On average, employees today stay at a job for 5.1 years. This figure is better than in 1983 when the average employee stuck to a company for approximately 3.5 years only. And yes, this debunks the myth that Millennials (those who are born between 1981 and 1996) change jobs way more often than the past generations did.
If your company is still suffering from high employee turnover, perhaps it’s time to level up your retention strategies. To do that, you must know where they’re coming from. What’s making them quit their jobs despite your best efforts to make them stay?
And while you’re probably done with your research, we figured that we’d instill a bit of humor to your problem-solving scheme by revealing the unspoken reasons why employees leave their jobs:
The Work Setting Is Boring
Tina, the girl from the editorial department, has a friend. That friend works at Google.

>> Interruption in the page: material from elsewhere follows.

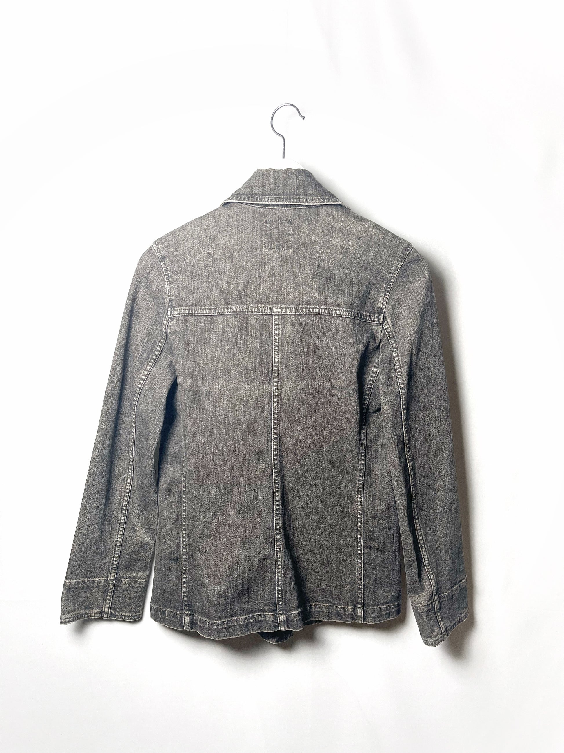 ダブルのデニムジャケット。コンパクトなシルエットがミニマルで洗練された印象です。襟元のフックがワンポイントで効いています。

At Google, they have playrooms, the environment is so laid-back, and the employees have plenty of room—literally and figuratively—to get their creative juices flowing.
Meanwhile, Tina, who has been at your company for two years, is sick of staring at the boring wall at her work cubicle for hours a day. When asked by HR why she wants to leave the company, she said she’s looking for better opportunities when, in fact, she just wants a more exciting work setting.
After reading this article, take a look at your workplace. Is it inspiring creativity? Perhaps you need to get a new set of office building stairs, repaint your boring walls with a new color, revamp your building’s facade, and take down the cubicles and replace them with glass doors.
An Office Romance Is Budding
Many companies have rules against romantic relationships in the workplace, and for good reason. Imagine what will happen to two parties when it doesn’t work out. Things could get awkward between them, which could affect their work.
So for the hopeless romantics who fell in love with their co-workers, leaving the job might be the best thing to do. Heartbreaks are a serious matter, so better check in on the next employee who will hand over a resignation letter.
Your Political Stand Sucks
And we’re not even talking about office politics here. If you can’t shut up about who you voted for in the last elections and your employee has had enough, that can seriously be a trigger for them to submit a resignation letter. If you’re voting for someone whose platforms and values are against theirs, that can be a real deal-breaker.
You Don’t Give Away Free Coffee
While it’s not your responsibility to feed the caffeine obsessions of your employees, keeping your pantry full of drinks and snacks is a great office morale booster. Once your caffeine-obsessed top talent realizes this, you’re doomed.
They Can’t Keep Up with Their Favourite TV Series
The new season of Stranger Things has been out for months, and Tina is still stuck in the second season. This revelation might give you a WTF moment, but it could well be a reflection of your employees’ work-life balance (or lack thereof).
Take a moment to consider if your employees are forced to overwork, not appreciated enough, lack the motivation to do their jobs well, or forced to deal with bad bosses. This could serve as a turning point for your organization to act to retain your top talent moving forward.